[](#openflamingo-9b-deprecated)OpenFlamingo-9B (Deprecated)
===========================================================

**This early checkpoint was part of an initial release. It has since been deprecated in favor of [other checkpoints](https://huggingface.co/openflamingo/OpenFlamingo-9B-vitl-mpt7b) as part of the OpenFlamingo v2 release. However, it is possible to continue using this older checkpoint in the new codebase.**

* * *

[Blog post](https://laion.ai/blog/open-flamingo/) | [Code](https://github.com/mlfoundations/open_flamingo) | [Demo](https://7164d2142d11.ngrok.app)

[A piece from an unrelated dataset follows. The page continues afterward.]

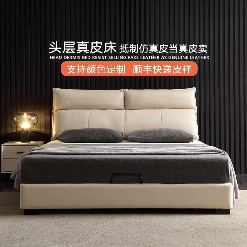 Modern minimalist small apartment Nordic leather bed 18 meters side-by-side double bed storage wedding bed master bedroom leather art bed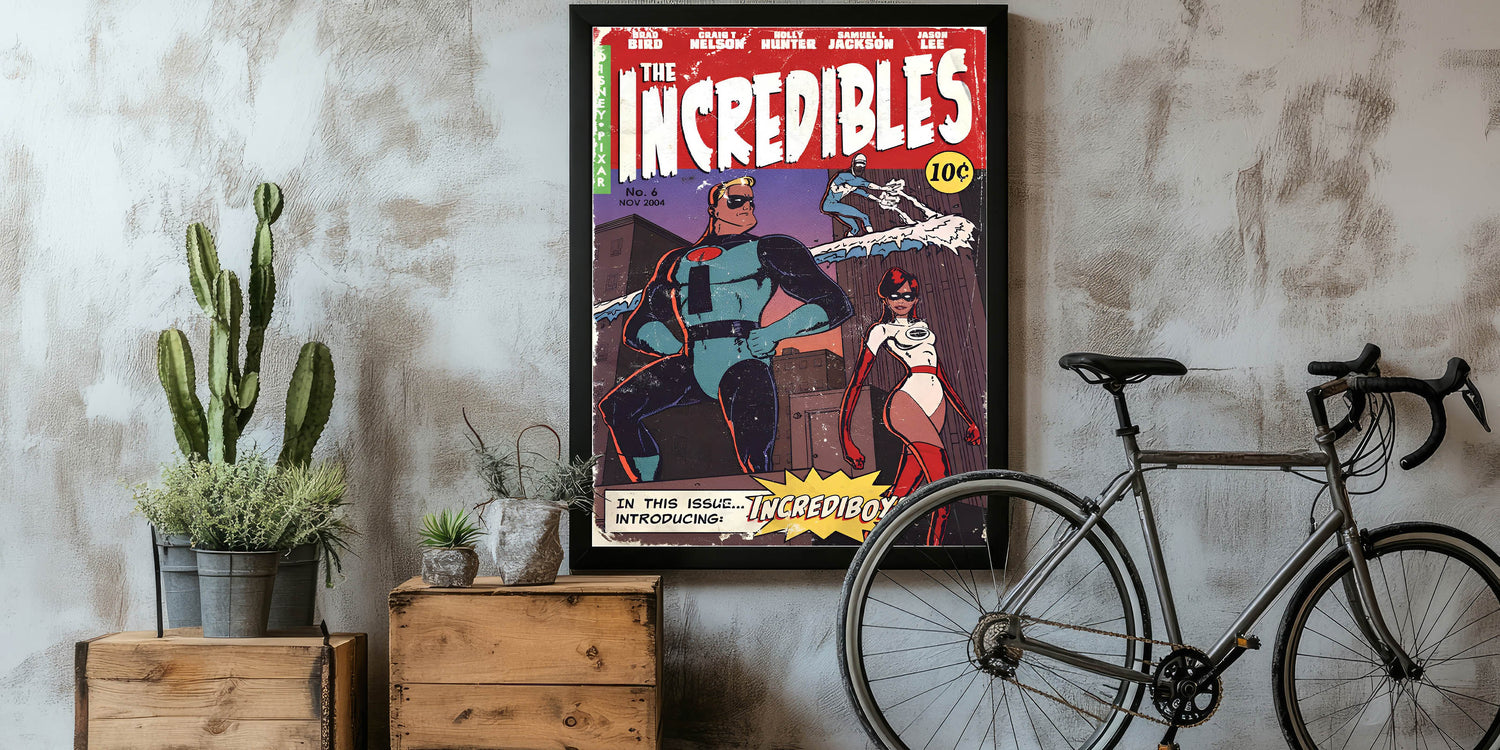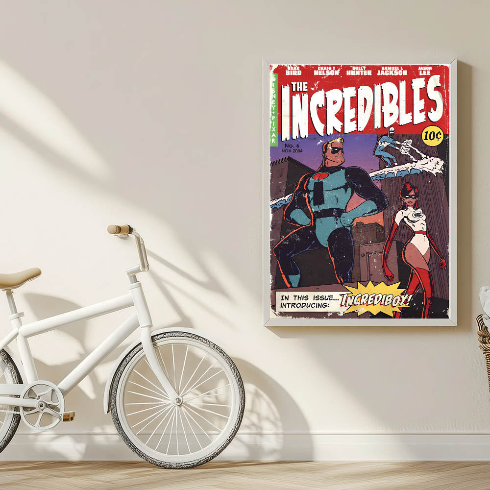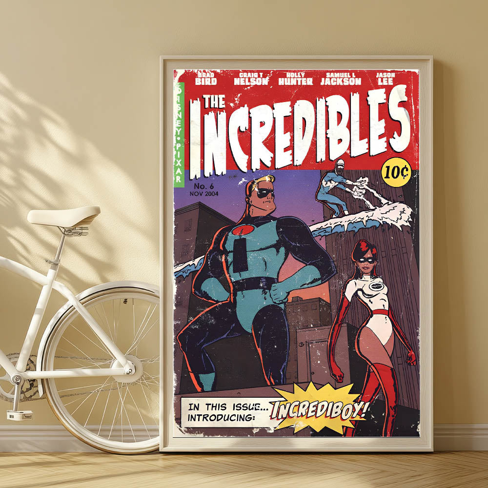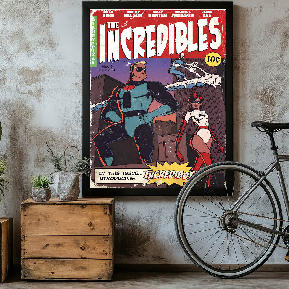 - High-quality retro comic art print featuring The Incredibles

OpenFlamingo is an open source implementation of DeepMind's [Flamingo](https://www.deepmind.com/blog/tackling-multiple-tasks-with-a-single-visual-language-model) models. OpenFlamingo-9B is built off of [CLIP ViT-L/14](https://huggingface.co/openai/clip-vit-large-patch14) and [LLaMA-7B](https://ai.facebook.com/blog/large-language-model-llama-meta-ai/). Before using this model please familiarize yourself with our [terms and conditions](https://github.com/mlfoundations/open_flamingo/blob/main/TERMS_AND_CONDITIONS.md).

[](#model-details)Model Details
-------------------------------

We freeze the pretrained vision encoder and language model, and then we train connecting Perceiver modules and cross-attention layers, following the original Flamingo paper.

Our training data is a mixture of [LAION 2B](https://huggingface.co/datasets/laion/laion2B-en) and a large interleaved image-text dataset called Multimodal C4, which will be released soon.

The current model is an early checkpoint of an ongoing effort. This checkpoint has seen 5 million interleaved image-text examples from Multimodal C4.

[](#uses)Uses
-------------

OpenFlamingo-9B is intended to be used **for academic research purposes only.** Commercial use is prohibited, in line with LLaMA's non-commercial license.

### [](#bias-risks-and-limitations)Bias, Risks, and Limitations

This model may generate inaccurate or offensive outputs, reflecting biases in its training data and pretrained priors.

In an effort to mitigate current potential biases and harms, we have deployed a content filter on model outputs in the OpenFlamingo demo. We continue to red-team the model to understand and improve its safety.

[](#evaluation)Evaluation
-------------------------

We've evaluated this checkpoint and report validation performance for two vision-language tasks: COCO captioning and VQAv2. Results are displayed below.

**COCO (CIDEr)**

0-shot

4-shot

8-shot

16-shot

32-shot

65.52

74.28

79.26

81.84

84.52

**VQAv2 (VQA accuracy)**

0-shot

4-shot

8-shot

16-shot

32-shot

43.55

44.05

47.5

48.87

50.34

## Model overview

The `OpenFlamingo-9B-deprecated` model is an open-source implementation of DeepMind's Flamingo models, built on top of the CLIP ViT-L/14 vision encoder and LLaMA-7B language model. As an early checkpoint in the ongoing development of OpenFlamingo, this model has been trained on a mixture of the LAION 2B and Multimodal C4 datasets. While this model has since been deprecated in favor of newer checkpoints, it is still possible to use it within the OpenFlamingo codebase.

## Model inputs and outputs

### Inputs
- Images and text prompts

### Outputs
- Image-conditioned text generation
- Visual question answering

## Capabilities

The `OpenFlamingo-9B-deprecated` model is capable of performing various vision-language tasks, such as image captioning and visual question answering. It has shown promising results on the COCO captioning and VQAv2 datasets, with performance improving as the number of few-shot examples increases.

## What can I use it for?

The `OpenFlamingo-9B-deprecated` model is intended for academic research purposes only and its commercial use is prohibited, in line with the LLaMA non-commercial license. Potential use cases include exploring multimodal AI systems, testing new vision-language architectures, and developing novel applications that combine computer vision and language understanding.

## Things to try

Researchers can experiment with fine-tuning the model on specialized datasets or tasks, or use it as a starting point for developing new vision-language models. The model's performance can also be further analyzed and compared to other state-of-the-art approaches in the field of multimodal AI.